Impact of level III verification on trauma admissions and transfer: comparisons of two rural hospitals.

1997 
Purpose: To study the impact of Level III verification and other changes in rural hospitals on trauma delivery and to examine factors affecting transfer to a Level I trauma center. Setting: Two rural Kentucky hospitals and a Level I trauma center. Method of Review : Concurrent review of all trauma patients in 1988 and re-review of the same parameters in 1995. Findings: In 1988, both hospitals had similar management practices in trauma care. A significant number of patients were transferred for (a) patient choice, (b) serious and/or multiple trauma, (c) specialty care in non-life threatening situations, and (d) to exclude a potentially serious problem seen on radiologic evaluation (usually questionable cervical spine or widened mediastinum). Both hospitals had major changes in trauma delivery. One hospital received Level III verification, and the other had changes that lessened the general surgeon's involvement with initial evaluation and treatment. A re-review in 1995 disclosed major changes at both institutions. Transfers to exclude radiologic abnormalities had virtually disappeared. The Level III status had increased the surgical involvement in that hospital ; there was actually an increase in patients transferred to the Level I hospital and an increase in patient acuity.

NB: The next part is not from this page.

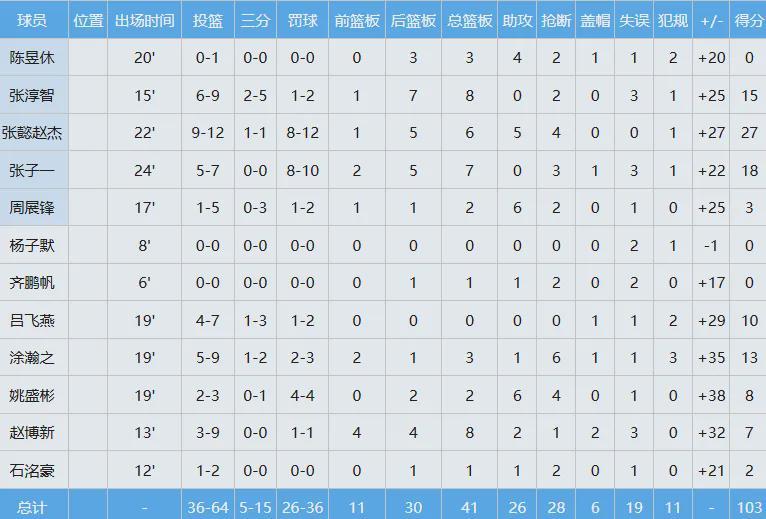 中国男篮12人全部披挂上阵,其中5人得分上双,(13号)张懿赵杰22分钟轰下27分外加6板5助4断,(11号)张淳智15分8板2断,(14号)张子一18分7板3断,(12号)吕飞燕10分,(9号)涂瀚之13分3板1助6断。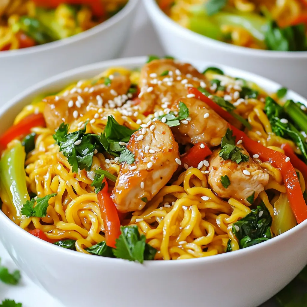 - 200g egg noodles - 2 chicken breasts, sliced thinly - 4 cloves garlic, minced - 3 tablespoons soy sauce - 2 tablespoons honey - 1 tablespoon sesame oil - 1 tablespoon ginger, grated - 1 tablespoon rice vinegar - 1 red bell pepper, thinly sliced - 1 cup bok choy, chopped - Sesame seeds for garnish - Fresh cilantro for garnish - Salt and pepper to taste - Egg Noodles: These noodles give a nice texture. You can use rice noodles if you need a gluten-free option. - Chicken Breasts: Thin slices cook well. You can swap chicken for tofu or shrimp for a different flavor. - Garlic: Fresh is best for taste. Garlic powder can work in a pinch, but fresh adds more zing. - Soy Sauce: This adds salt and umami. Use tamari for a gluten-free version. - Honey: It adds sweetness. Maple syrup works as a vegan substitute. - Sesame Oil: This gives a nutty flavor. You can use olive oil, but the taste will change. - Ginger: Fresh ginger gives a great kick. Ground ginger can be used, but fresh is better. - Rice Vinegar: It adds acidity. You can use apple cider vinegar if needed. - Vegetables: Red bell pepper and bok choy add color and crunch. Feel free to mix in your favorite veggies. - Calories: 420 - Protein: 30g - Carbohydrates: 50g - Fat: 15g - Fiber: 3g - Sugar: 8g This dish is tasty and balanced. It has protein from the chicken and fiber from the veggies. Enjoy a flavorful meal that feels good too! {{ingredient_image_1}} Start by boiling a large pot of salted water. Once it boils, add 200g of egg noodles. Cook them until they are al dente, about 4-5 minutes. Drain the noodles and set them aside in a bowl. In a small bowl, combine the sauce ingredients. Whisk together 3 tablespoons of soy sauce, 2 tablespoons of honey, 1 tablespoon of sesame oil, 1 tablespoon of grated ginger, and 1 tablespoon of rice vinegar. Mix well until everything blends. Set this sauce aside for later. Next, heat a large skillet or wok on medium-high heat. Add a drizzle of oil to the hot skillet. Season your sliced chicken breasts with salt and pepper, then add them to the skillet. Cook the chicken for about 5-7 minutes until it turns golden and is fully cooked. Once the chicken is cooked, add 4 minced garlic cloves and 1 sliced red bell pepper to the skillet. Stir-fry these for around 2 minutes until they smell great and the pepper softens. Lastly, add 1 cup of chopped bok choy and cook for another 2-3 minutes until it wilts. Now, it’s time to bring it all together. Add the cooked noodles to the skillet with the chicken and veggies. Pour the sauce over the top. Gently toss everything to coat the noodles and ingredients evenly. Cook for another 2-3 minutes until heated through. Finally, remove the skillet from the heat. Serve the sticky garlic chicken noodles in deep bowls. Garnish with sesame seeds and fresh cilantro for a nice touch. Enjoy your meal! To make your sticky garlic chicken noodles shine, follow a few key tips. First, cook your egg noodles just until al dente. This keeps them firm and not mushy. After cooking, make sure to drain and rinse them under cold water. This stops the cooking and prevents them from sticking together. Next, use a hot skillet for sautéing. A hot pan helps brown the chicken evenly and gives it a nice texture. Balance is key for this dish. The sweetness from honey needs to match the saltiness of soy sauce. Adjust these to your taste. If you want a bit of heat, add a pinch of red pepper flakes. Also, don’t skip the fresh garlic and ginger; they add great depth. Finally, finish with a sprinkle of sesame seeds and fresh cilantro. These bright flavors elevate the dish. Watch out for a few common mistakes. First, don't overcook the chicken. It should be juicy and tender, not dry. Also, be careful with the garlic. Burnt garlic tastes bitter, so add it to the pan after the chicken has cooked for a minute. Lastly, don’t rush the mixing step. Toss everything gently to coat the noodles fully in the sauce. This ensures each bite is packed with flavor. Pro Tips Use Fresh Ingredients: Fresh garlic and ginger will enhance the flavor of your dish significantly compared to dried alternatives. Adjust Sauce to Taste: Feel free to modify the amount of soy sauce and honey to suit your taste preferences; you can make it saltier or sweeter as you like. Vegetable Variations: You can substitute bok choy with other leafy greens like spinach or kale, or add more veggies like carrots or snap peas for extra crunch. Meal Prep Friendly: This dish is great for meal prep; store leftovers in the fridge and reheat for a quick meal throughout the week. {{image_2}} You can switch the chicken for other meats. Try sliced beef or shrimp. Both options work well with the sauce. For a lighter dish, use turkey breast. Each protein has its own taste. Adjust cook times as needed. Beef needs more time to brown, while shrimp cooks quickly. For a vegetarian dish, use tofu instead of chicken. Firm tofu holds up well in stir-fries. Marinate the tofu in the sauce for extra flavor. If you want a vegan option, replace honey with maple syrup or agave nectar. Add more veggies like carrots or snap peas for added texture and taste. To make this dish gluten-free, use rice noodles or zucchini noodles. Both options are tasty and healthy. Check labels on soy sauce – some contain gluten. You can use tamari or coconut aminos as good gluten-free swaps. These changes let you enjoy sticky garlic chicken noodles without worries. After you enjoy your sticky garlic chicken noodles, let them cool. Place the leftovers in an airtight container. You can keep them in the fridge for up to three days. Make sure to seal it tight to keep the flavors fresh. If you want to save them longer, consider freezing instead. When you are ready to eat the leftovers, reheating is key. Use a skillet over medium heat for the best results. Add a splash of water or chicken broth to keep the noodles moist. Stir often until everything is heated through and hot. This method helps maintai

More operations were performed locally, and the care was more efficiently delivered. The other hospital had a large increase in transfers and decreased admissions locally as general surgical involvement decreased. Conclusions: The factors related to patient transfer for trauma care are complex and require careful elucidation to improve care. The development of a Level III trauma service appeared to increase the number of seriously injured patients treated in the rural hospital and the efficiency of the care delivered.